(ENTRIES SUPPLIED)
^^^^^^^^^^^^^^^^
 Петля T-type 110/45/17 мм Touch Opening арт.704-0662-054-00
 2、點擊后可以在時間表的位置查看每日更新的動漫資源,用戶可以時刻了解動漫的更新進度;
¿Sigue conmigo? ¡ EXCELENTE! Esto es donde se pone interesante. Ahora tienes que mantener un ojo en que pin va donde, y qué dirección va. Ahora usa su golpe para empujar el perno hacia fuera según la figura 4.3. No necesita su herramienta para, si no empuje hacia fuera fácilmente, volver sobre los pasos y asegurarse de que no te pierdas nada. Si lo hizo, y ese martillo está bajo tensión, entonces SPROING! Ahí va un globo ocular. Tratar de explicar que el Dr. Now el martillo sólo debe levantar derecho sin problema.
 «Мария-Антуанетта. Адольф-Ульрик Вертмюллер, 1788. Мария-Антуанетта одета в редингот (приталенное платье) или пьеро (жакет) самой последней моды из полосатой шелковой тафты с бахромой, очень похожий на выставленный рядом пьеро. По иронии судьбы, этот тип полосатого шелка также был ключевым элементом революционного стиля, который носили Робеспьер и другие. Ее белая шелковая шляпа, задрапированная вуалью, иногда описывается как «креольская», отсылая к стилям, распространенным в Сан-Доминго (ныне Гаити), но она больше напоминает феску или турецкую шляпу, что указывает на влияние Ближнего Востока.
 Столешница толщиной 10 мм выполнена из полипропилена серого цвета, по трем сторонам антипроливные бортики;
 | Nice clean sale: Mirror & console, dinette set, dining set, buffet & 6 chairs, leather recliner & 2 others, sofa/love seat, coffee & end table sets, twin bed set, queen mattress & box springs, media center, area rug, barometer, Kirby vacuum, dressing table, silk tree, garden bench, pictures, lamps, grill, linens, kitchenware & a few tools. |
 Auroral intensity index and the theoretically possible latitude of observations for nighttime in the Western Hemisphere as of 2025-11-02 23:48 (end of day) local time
^^^^^^^^^^^^^^^^
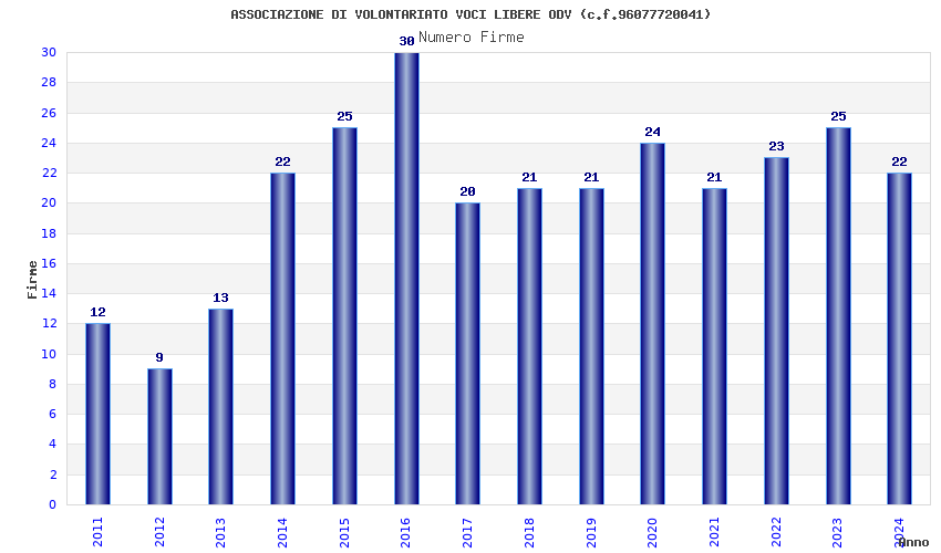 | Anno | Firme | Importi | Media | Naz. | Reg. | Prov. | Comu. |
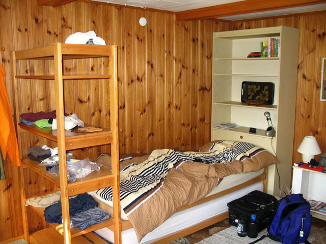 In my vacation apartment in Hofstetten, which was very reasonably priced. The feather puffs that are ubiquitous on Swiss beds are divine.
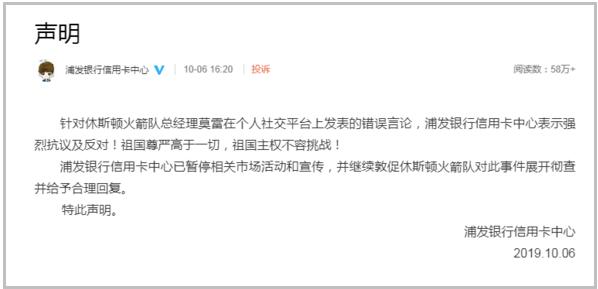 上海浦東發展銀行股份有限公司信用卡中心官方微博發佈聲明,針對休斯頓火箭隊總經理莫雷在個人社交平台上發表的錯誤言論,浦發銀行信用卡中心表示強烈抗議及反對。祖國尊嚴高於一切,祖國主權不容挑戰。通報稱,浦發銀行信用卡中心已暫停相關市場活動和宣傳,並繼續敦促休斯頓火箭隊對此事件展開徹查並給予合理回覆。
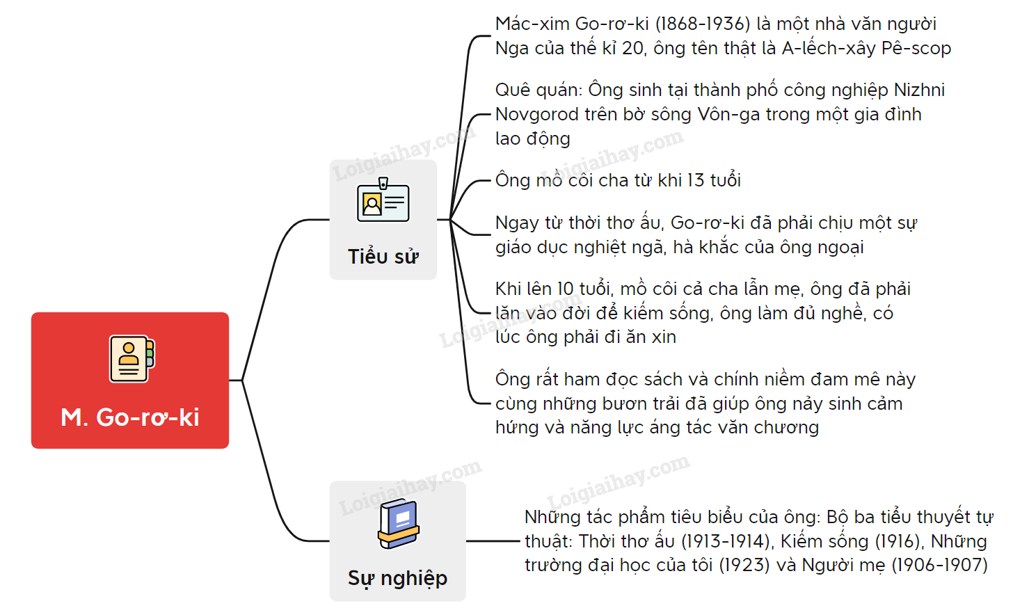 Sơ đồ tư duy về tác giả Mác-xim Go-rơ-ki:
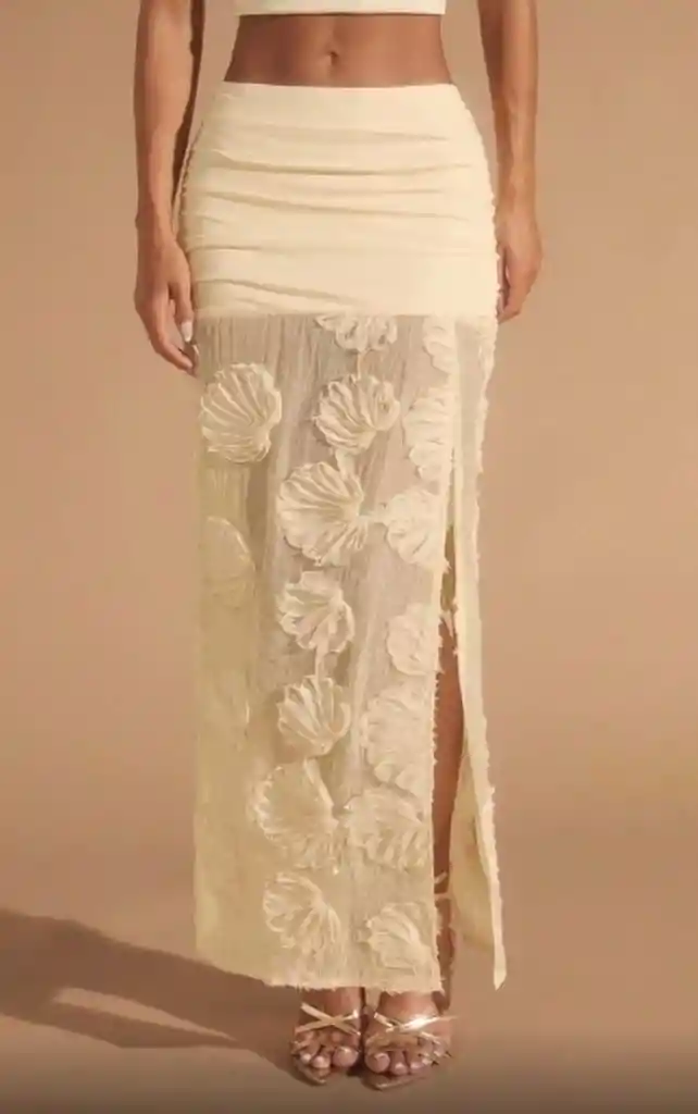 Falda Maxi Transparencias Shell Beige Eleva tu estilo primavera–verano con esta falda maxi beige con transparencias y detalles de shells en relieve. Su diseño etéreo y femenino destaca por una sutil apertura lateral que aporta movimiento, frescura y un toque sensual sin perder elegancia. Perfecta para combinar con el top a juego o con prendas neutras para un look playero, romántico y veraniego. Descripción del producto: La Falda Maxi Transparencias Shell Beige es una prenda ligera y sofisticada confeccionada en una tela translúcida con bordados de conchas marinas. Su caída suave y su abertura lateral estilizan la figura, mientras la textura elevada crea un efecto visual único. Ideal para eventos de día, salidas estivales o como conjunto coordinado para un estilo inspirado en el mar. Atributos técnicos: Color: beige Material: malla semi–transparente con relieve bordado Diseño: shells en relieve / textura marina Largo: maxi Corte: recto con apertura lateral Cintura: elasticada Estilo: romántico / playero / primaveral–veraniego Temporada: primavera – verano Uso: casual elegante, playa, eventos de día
^^^^^^^^^^^^^^^^
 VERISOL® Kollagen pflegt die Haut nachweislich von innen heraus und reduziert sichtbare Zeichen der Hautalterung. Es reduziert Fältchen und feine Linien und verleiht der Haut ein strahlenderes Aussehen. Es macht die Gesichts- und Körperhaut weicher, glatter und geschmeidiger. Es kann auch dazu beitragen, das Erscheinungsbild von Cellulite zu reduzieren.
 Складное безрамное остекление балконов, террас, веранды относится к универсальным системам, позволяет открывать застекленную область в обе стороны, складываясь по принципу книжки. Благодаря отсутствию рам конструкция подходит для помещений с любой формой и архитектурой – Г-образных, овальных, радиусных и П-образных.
^^^^^^^^^^^^^^^^
(WHAT YOU HAVE TO DO)
In the listing above, find the line containing "2、點擊后可以在時間表的位置" and the line containing "derecho sin problema.", then retype both and every line between them exactly, with nothing else.

(ANSWER TO THE PROBLEM)
 2、點擊后可以在時間表的位置查看每日更新的動漫資源,用戶可以時刻了解動漫的更新進度;
¿Sigue conmigo? ¡ EXCELENTE! Esto es donde se pone interesante. Ahora tienes que mantener un ojo en que pin va donde, y qué dirección va. Ahora usa su golpe para empujar el perno hacia fuera según la figura 4.3. No necesita su herramienta para, si no empuje hacia fuera fácilmente, volver sobre los pasos y asegurarse de que no te pierdas nada. Si lo hizo, y ese martillo está bajo tensión, entonces SPROING! Ahí va un globo ocular. Tratar de explicar que el Dr. Now el martillo sólo debe levantar derecho sin problema.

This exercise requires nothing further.